* [Available data]:
-----

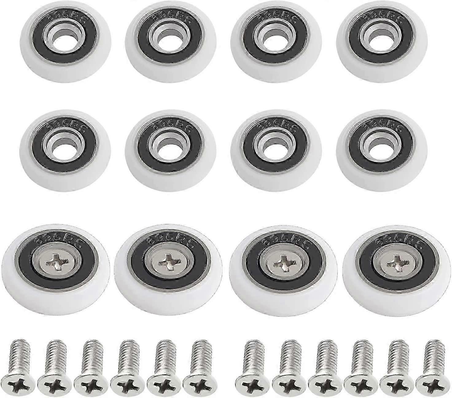 12 Sets Shower Door Wheels, Replacement Rollers for Bathroom Glass Door Runners (23mm & 25mm)
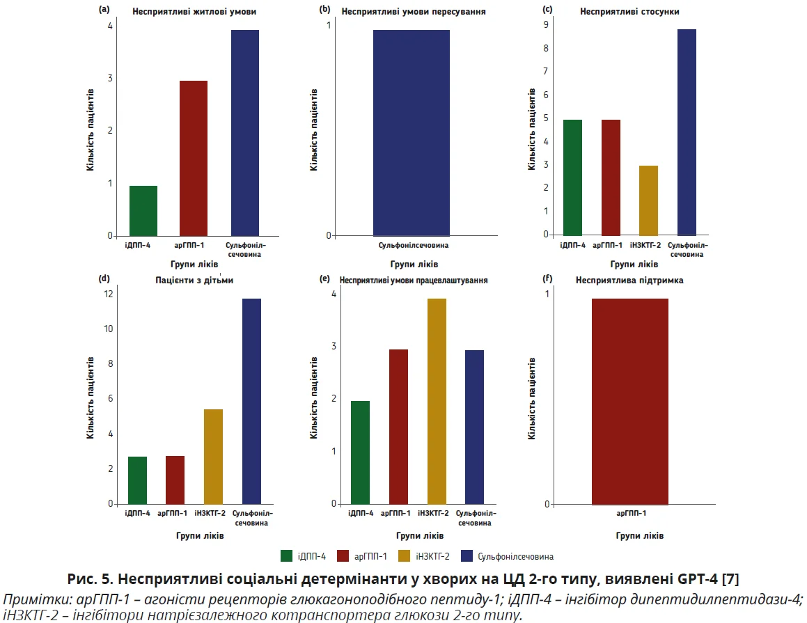В іншому обсерваційному дослідженні, яке було проведене в реальних клінічних умовах, спостерігали за 9 млн пацієнтів і намагалися оцінити соціальні диспропорції в призначенні терапії другої лінії хворим на ЦД 2-го типу. Дизайн випробування припускав застосування GPT-4 для аналізу 270 клінічних записів щодо стану 105 пацієнтів з метою визначення несприятливих соціальних детермінант для здоров’я в 6 галузях: транспорт (відстань, ресурси), житло (власне, бідне, бездомний), стосунки (одружений, має партнера, розлучений, вдівець, самотній), пацієнти з дітьми, підтримка (наявна, відсутня) та зайнятість (повна, неповна, безробітний, інвалідність, пенсіонер, студент) [7]. Виявлені несприятливі фактори об’єднали в категорії: «Несприятливі умови пересування», «Несприятливі житлові умови», «Несприятливі стосунки», «Пацієнти з дітьми», «Несприятлива підтримка» та «Несприятливі умови працевлаштування». Виявлені несприятливі фактори дослідники запропонували GPT-4 представити у вигляді графіків залежно від класу гіпоглікемічних засобів, які отримували хворі, й отримали ось такі результати (рис. 5).
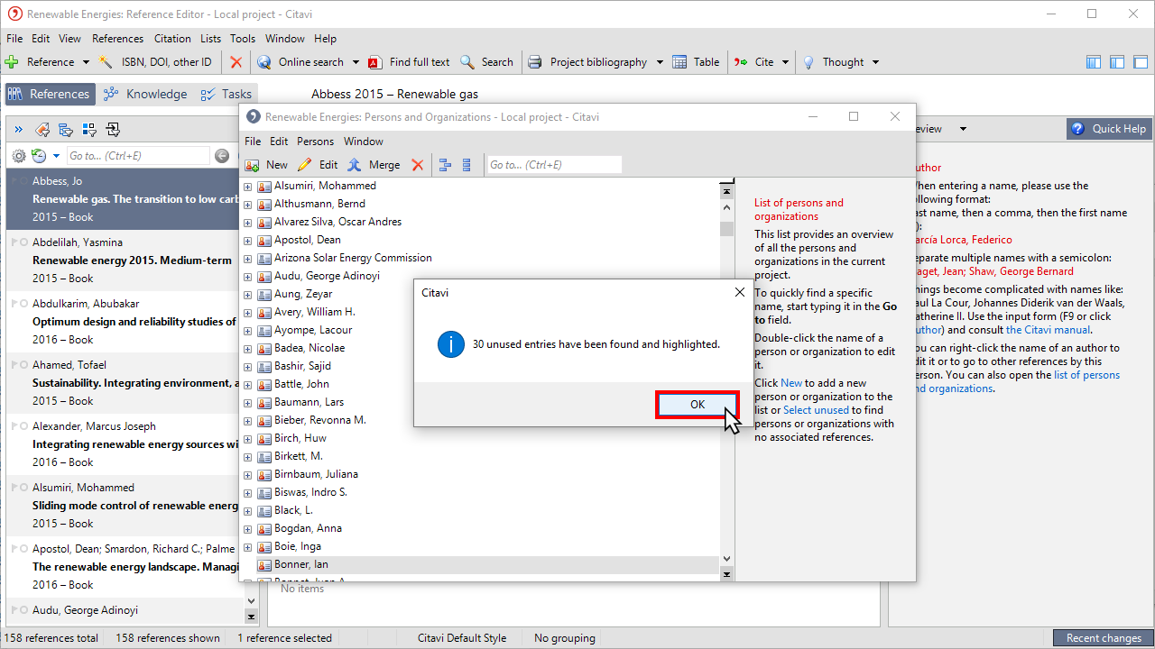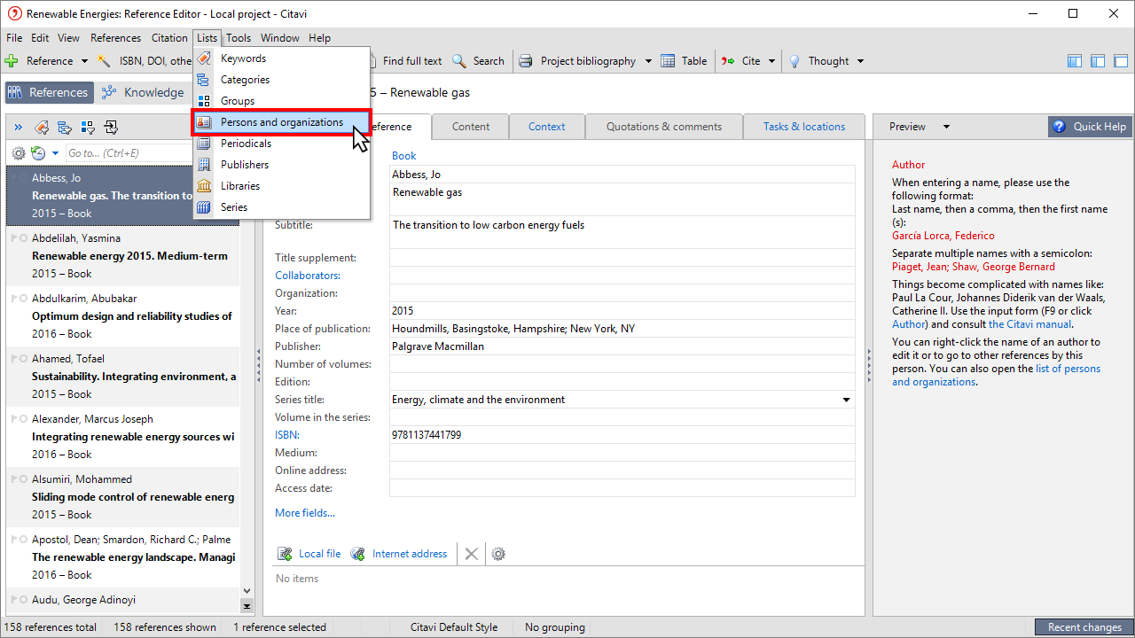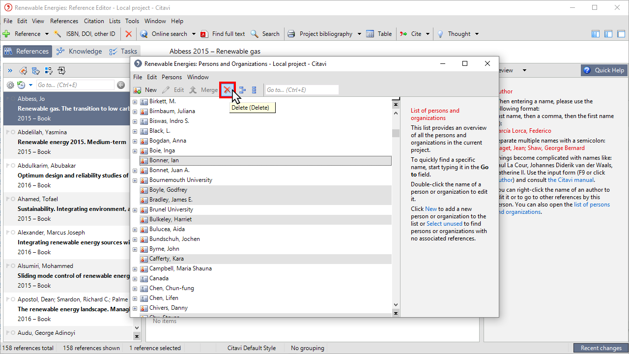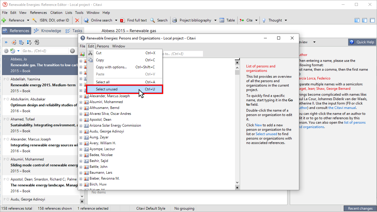 二、Citavi6删除未使用的使用的人名和组织名称的方法

-----

* [What is required]:
Return the listing above in full and without alteration, excluding its pictures.

* [Response to this exercise]:
 12 Sets Shower Door Wheels, Replacement Rollers for Bathroom Glass Door Runners (23mm & 25mm)
В іншому обсерваційному дослідженні, яке було проведене в реальних клінічних умовах, спостерігали за 9 млн пацієнтів і намагалися оцінити соціальні диспропорції в призначенні терапії другої лінії хворим на ЦД 2-го типу. Дизайн випробування припускав застосування GPT-4 для аналізу 270 клінічних записів щодо стану 105 пацієнтів з метою визначення несприятливих соціальних детермінант для здоров’я в 6 галузях: транспорт (відстань, ресурси), житло (власне, бідне, бездомний), стосунки (одружений, має партнера, розлучений, вдівець, самотній), пацієнти з дітьми, підтримка (наявна, відсутня) та зайнятість (повна, неповна, безробітний, інвалідність, пенсіонер, студент) [7]. Виявлені несприятливі фактори об’єднали в категорії: «Несприятливі умови пересування», «Несприятливі житлові умови», «Несприятливі стосунки», «Пацієнти з дітьми», «Несприятлива підтримка» та «Несприятливі умови працевлаштування». Виявлені несприятливі фактори дослідники запропонували GPT-4 представити у вигляді графіків залежно від класу гіпоглікемічних засобів, які отримували хворі, й отримали ось такі результати (рис. 5).
 二、Citavi6删除未使用的使用的人名和组织名称的方法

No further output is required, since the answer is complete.